WORK INSTRUCTIONS —
Pictures excluded, set down exactly the lines from the one containing "Curvy african girl" through the final line of the material, and only those.

THE DATA —
========================================================================
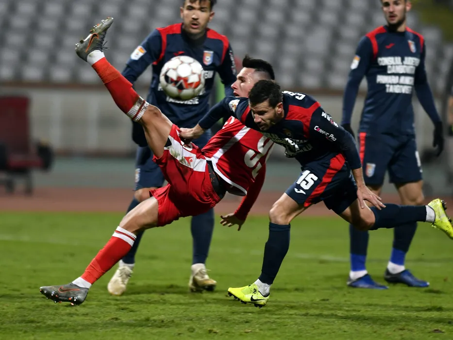 Robert Moldoveanu si Cornel Dinu in meciul de fotbal dintre Dinamo Bucuresti si Chindia Targoviste, din cadrul Ligii 1 Casa Pariurilor, desfasurat pe Stadionul Dinamo din Bucuresti, miercuri 4 decembrie 2019. © FOTO:Razvan Pasarica/SPORT PICTURES
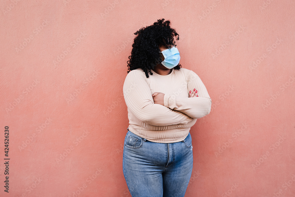 Curvy african girl wearing safety mask with crossed arms outdoor - Focus on face
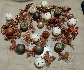 Set composto da 28 pezzi (2 striscioni, punta albero e sfere tonde e frutta). Colori panna, rame e marrone scuro.
========================================================================
TASK SOLUTION —
 Curvy african girl wearing safety mask with crossed arms outdoor - Focus on face
 Set composto da 28 pezzi (2 striscioni, punta albero e sfere tonde e frutta). Colori panna, rame e marrone scuro.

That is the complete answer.